What you should do:
Transcribe word for word the section of the records below that opens with the line containing "The outdoor spaces" and closes with the line containing "Second Printing. Written"; drop every picture.

Extracted records:

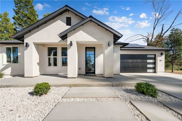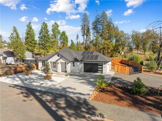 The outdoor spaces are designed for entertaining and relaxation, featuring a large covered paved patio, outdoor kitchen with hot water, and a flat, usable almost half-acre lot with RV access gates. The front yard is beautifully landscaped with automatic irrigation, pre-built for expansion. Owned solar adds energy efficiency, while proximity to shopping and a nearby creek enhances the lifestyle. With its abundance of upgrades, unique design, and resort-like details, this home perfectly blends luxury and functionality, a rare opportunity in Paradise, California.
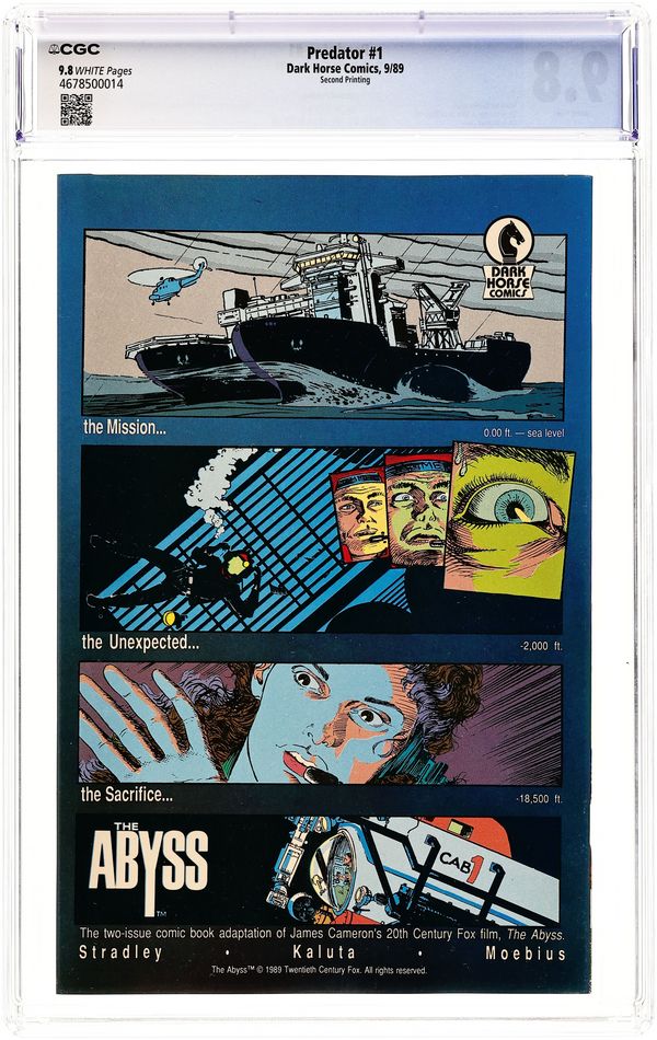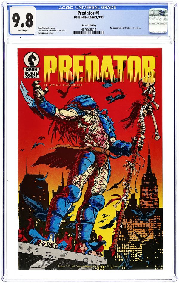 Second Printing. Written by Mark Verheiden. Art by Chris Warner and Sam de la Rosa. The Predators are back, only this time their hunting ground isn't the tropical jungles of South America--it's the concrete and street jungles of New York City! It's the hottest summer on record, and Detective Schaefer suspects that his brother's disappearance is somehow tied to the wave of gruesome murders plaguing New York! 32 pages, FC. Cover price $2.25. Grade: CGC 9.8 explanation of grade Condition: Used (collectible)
...
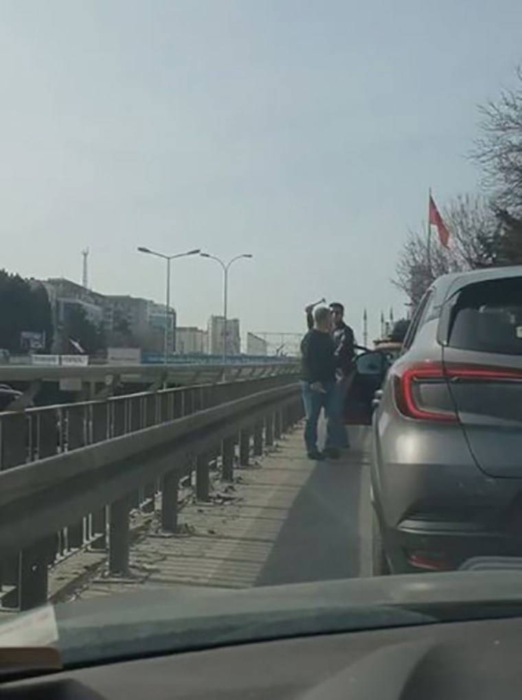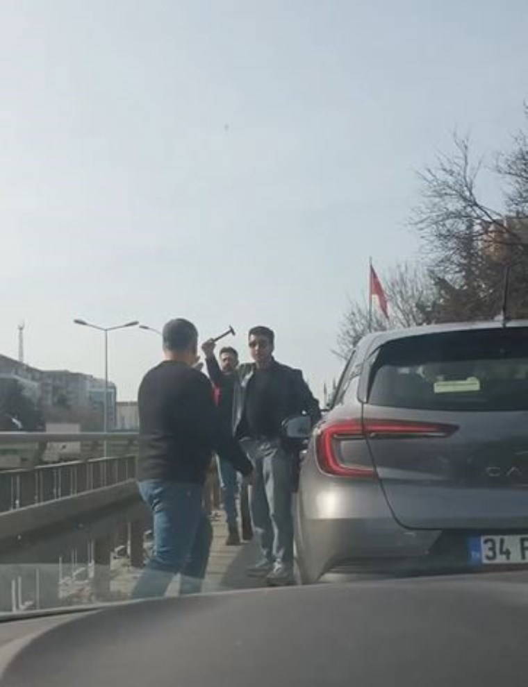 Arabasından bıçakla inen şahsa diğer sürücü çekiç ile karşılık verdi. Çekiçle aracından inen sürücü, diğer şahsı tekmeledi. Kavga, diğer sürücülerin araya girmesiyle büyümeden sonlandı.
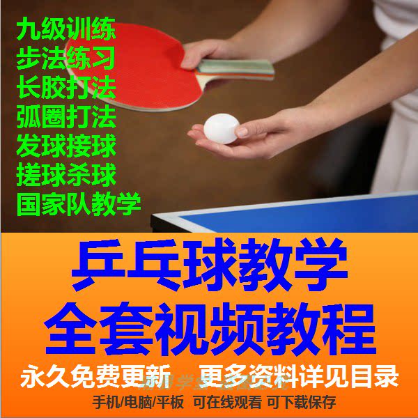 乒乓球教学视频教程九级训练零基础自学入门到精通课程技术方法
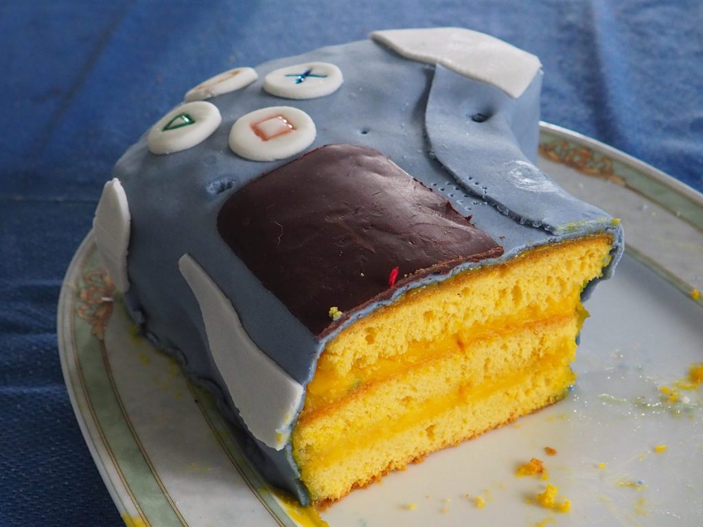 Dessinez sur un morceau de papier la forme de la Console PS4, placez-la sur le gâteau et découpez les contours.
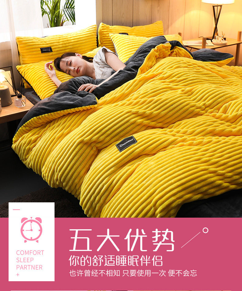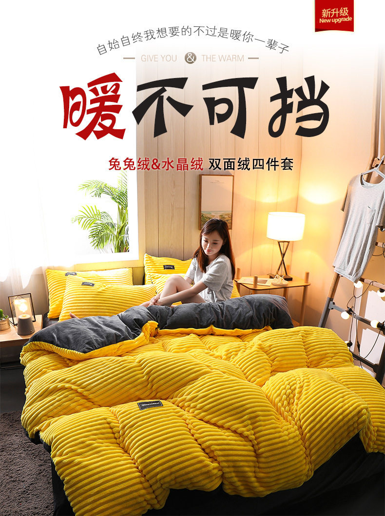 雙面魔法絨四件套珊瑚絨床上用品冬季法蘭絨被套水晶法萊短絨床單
* * *
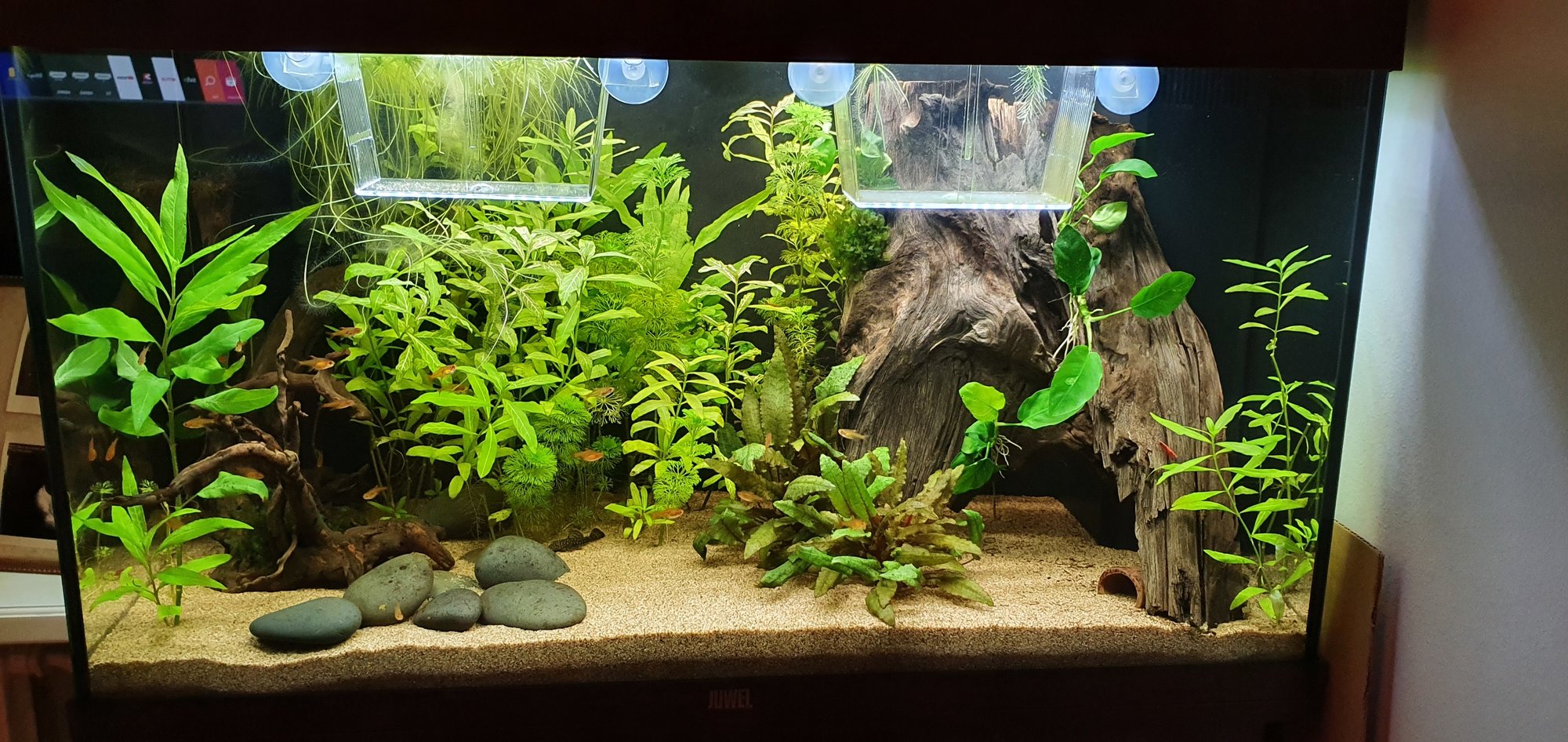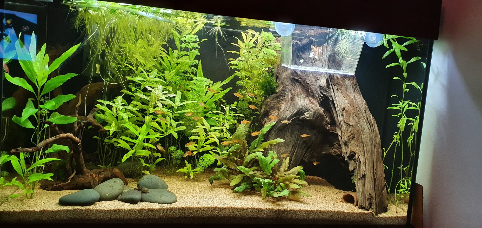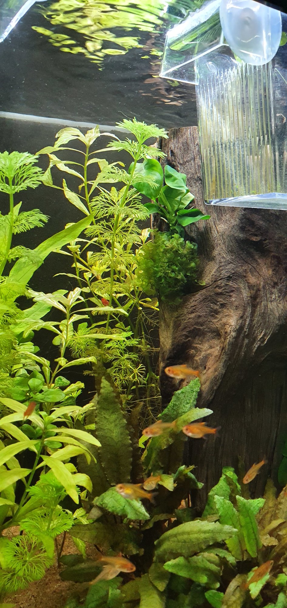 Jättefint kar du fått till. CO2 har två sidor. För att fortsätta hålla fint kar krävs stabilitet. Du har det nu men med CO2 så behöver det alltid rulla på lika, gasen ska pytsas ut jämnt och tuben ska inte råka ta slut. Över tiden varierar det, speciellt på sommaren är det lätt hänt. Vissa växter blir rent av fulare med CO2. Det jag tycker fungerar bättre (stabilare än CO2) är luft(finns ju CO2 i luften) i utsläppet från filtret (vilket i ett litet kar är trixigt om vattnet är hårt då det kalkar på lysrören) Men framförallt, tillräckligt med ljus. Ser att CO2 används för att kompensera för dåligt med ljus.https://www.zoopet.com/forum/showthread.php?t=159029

Written solution:
 The outdoor spaces are designed for entertaining and relaxation, featuring a large covered paved patio, outdoor kitchen with hot water, and a flat, usable almost half-acre lot with RV access gates. The front yard is beautifully landscaped with automatic irrigation, pre-built for expansion. Owned solar adds energy efficiency, while proximity to shopping and a nearby creek enhances the lifestyle. With its abundance of upgrades, unique design, and resort-like details, this home perfectly blends luxury and functionality, a rare opportunity in Paradise, California.
 Second Printing. Written by Mark Verheiden. Art by Chris Warner and Sam de la Rosa. The Predators are back, only this time their hunting ground isn't the tropical jungles of South America--it's the concrete and street jungles of New York City! It's the hottest summer on record, and Detective Schaefer suspects that his brother's disappearance is somehow tied to the wave of gruesome murders plaguing New York! 32 pages, FC. Cover price $2.25. Grade: CGC 9.8 explanation of grade Condition: Used (collectible)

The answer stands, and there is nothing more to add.